Welcome and I hope you find here a community to your liking, where you can continue on this journey of self-discovery and truth-seeking.
I think the reason I thought atheists were this way is probably because I mainly ran into them under circumstances that pitted my worldview against theirs. Even now, I watch videos on Youtube and look at the comments beneath and find atheists abusing people who are just like I used to be. Sometimes I will comment that they should be spending their time trying to educate and have constructive dialog with people, because this would have been very beneficial to me at the time. Instead, I was mocked and derided, which only made me more staunch in my position. As a Christian, I tried to engage atheists in rational discussion. As an atheist, I try to engage theists in the same way. I think people are more reasonable than we give them credit for when engaged constructively, but just attacking them seems to trigger some tribal instinct that causes them to revert to "PROTECT" mode. In fairness, Christians are as bad, and there were times as a believer that I found myself siding with the atheist against nasty theists. I've awakened to the fact that there are good people and crapholes, and whether or not you're a person of "faith" seems to be irrelevant in that equation.
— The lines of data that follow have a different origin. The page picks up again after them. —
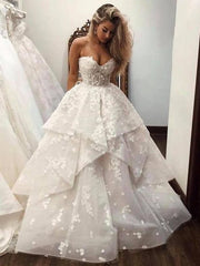 Ball Gown Sweetheart Organza Applique Sleeveless Court Train Wedding Dresses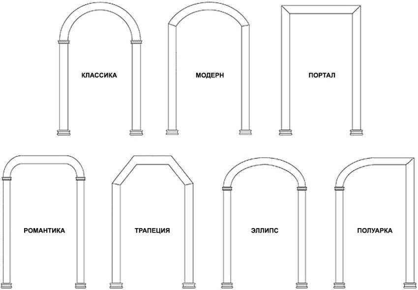 Форм для изготовления арок не так уж и много, но все они так или иначе применяются хозяевами квартир в процессе проведения ремонтных работ. Самые распространённые разновидности арок: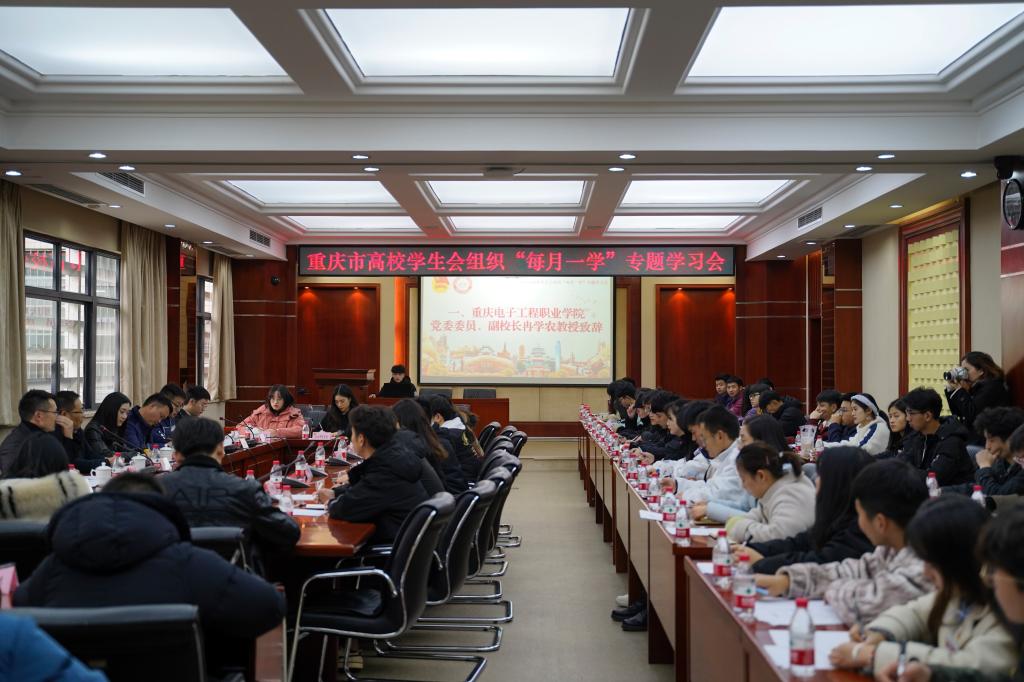 2019年12月27日,由市学联主办的高校学生会组织的“每月一学”12月专题学习会在我校顺利举行。学校党委委员、副校长冉学农教授,团委书记袁玉刚、学工部副部长蒋斌、市学联秘书处相关负责人、市学联驻会执行主席、第二片区33所高校学生会负责人、我校团学干部共计80余人参加会议。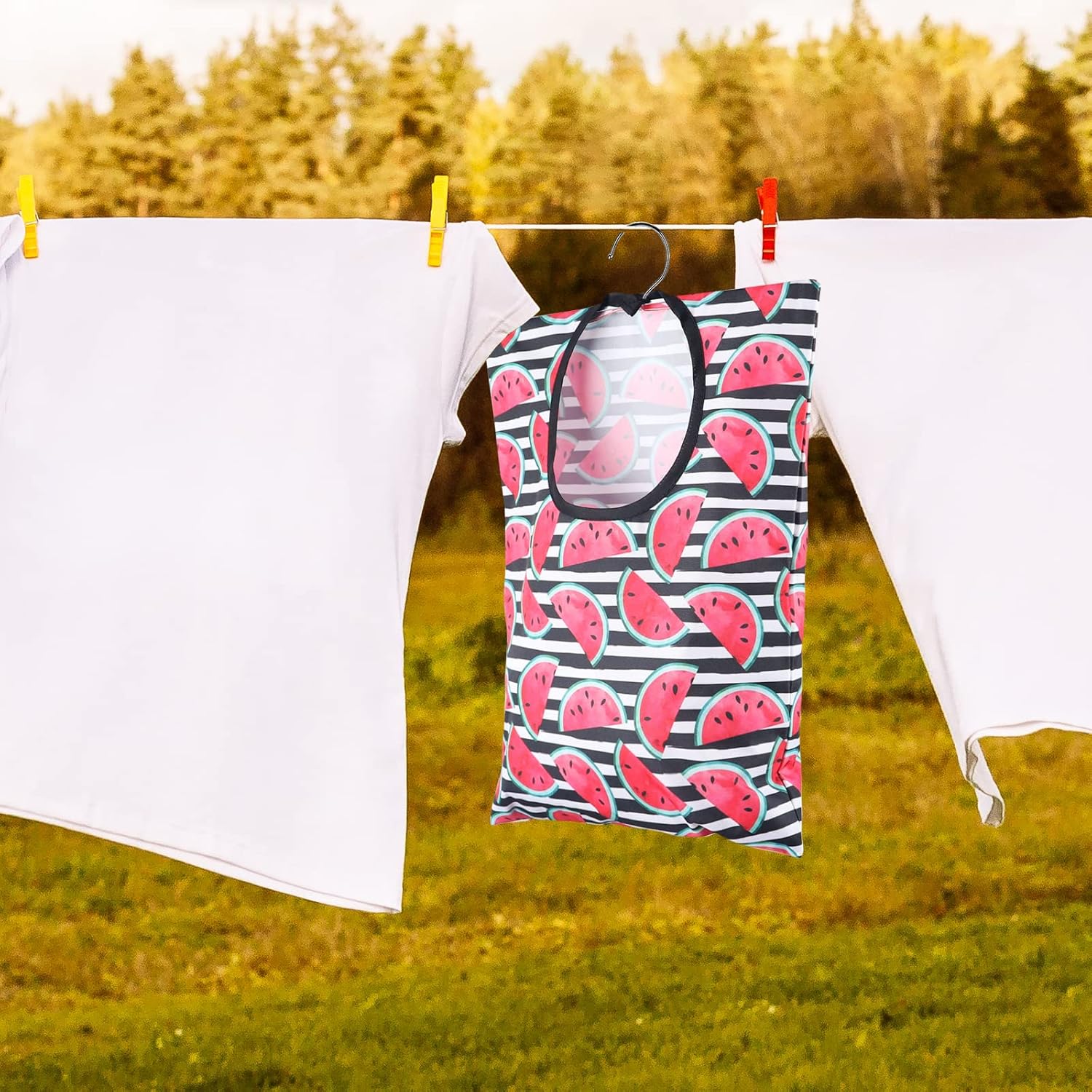 - Watermelon Theme: package includes 2 pieces of clothespin bags with hanger in different watermelon designs, full of summer feeling, can add charm to your home; Proper quantity can satisfy your different daily use and replacement needs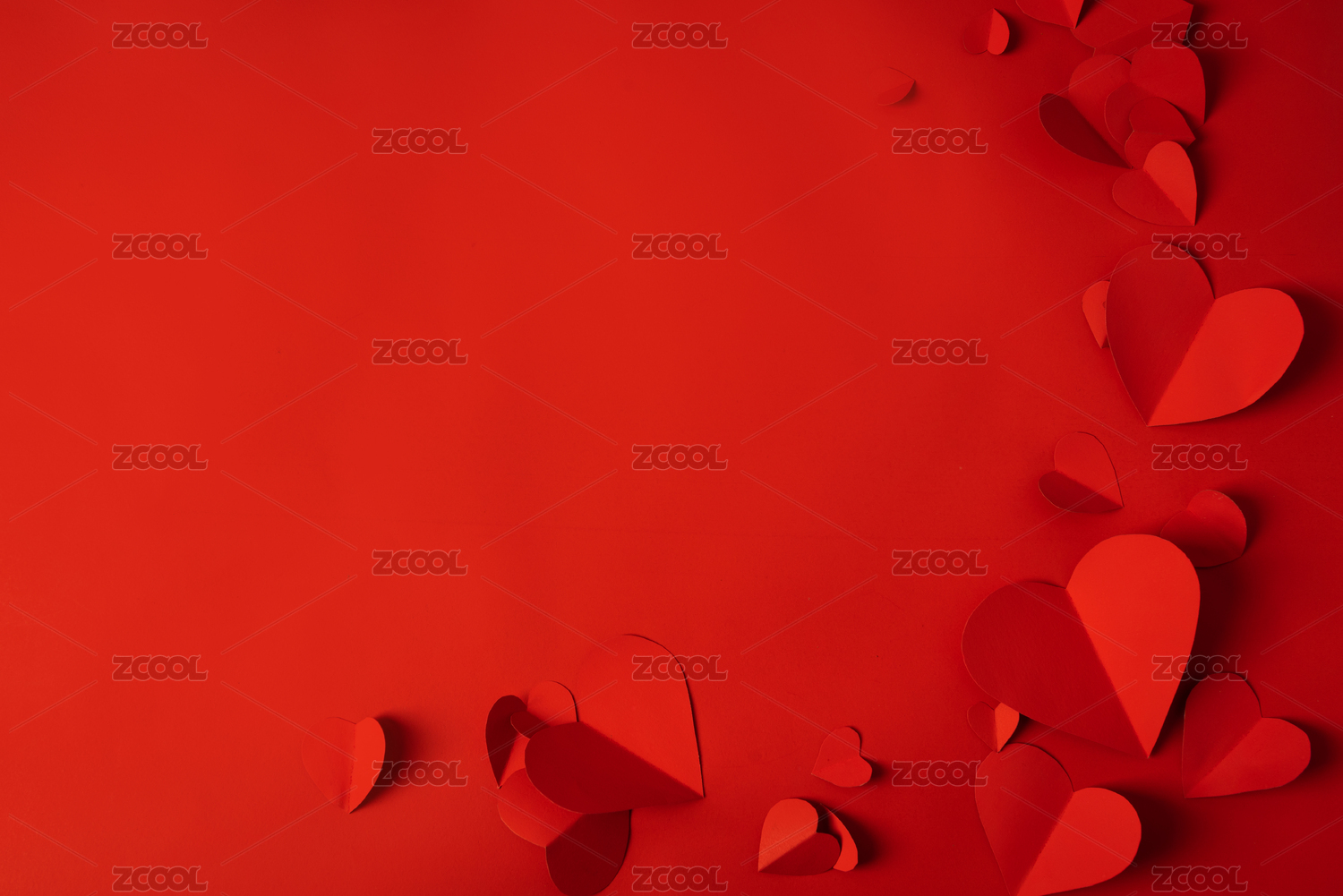情人节红色背景上的红色爱心剪纸

I don't classify people like that, at least not in this case. I think they are just people, and they all have their reasons for their different behaviours. You'll find atheists even here who can be nasty to theists, and I too find that to be a problem sometimes(from a pragmatic pov), but I also know it's coming from a good place and it can at times be, at least partly justified, even if it doesn't really help anyone but the bunch of atheists who mock a theist for his stupid, arrogant remarks. You have to keep in mind that atheists are very much discriminated in many parts of the world, including the more civilised parts. You'll often find a Brit is more likely to be understanding and an American to be more prone to lash out against theists, and this is understandable when you look at their cultural differences. An atheist in America is one of the least trusted minorities and is treated very badly, albeit in a superficial sense, not in the violent sense. You'll seldom find an atheist fear for their lives in a progressive country. But in the U.K. you're more likely to be thought of as weird if you say you're particularly religious, than if you're an atheist, as in much of the rest of Western Europe, for that matter.
I, myself, am from a deeply religious country in Eastern Europe, and yet I didn't have much trouble for being an atheist and I know for example my father had a friend who's an atheist, and so on. It's not that big of a deal, although I surely think it's still a problem, but that's a talk for another time. I'm both extremely anti-religion and antitheist, to the point where I think it's one of the most concerning problems of our times, and very understanding of religious people. I understand them, and I'm very sympathetic with them, but that's the more reason to want to help them, and sometimes a more blunt approach can be necessary to shake someone up. It's not the same with everyone, though.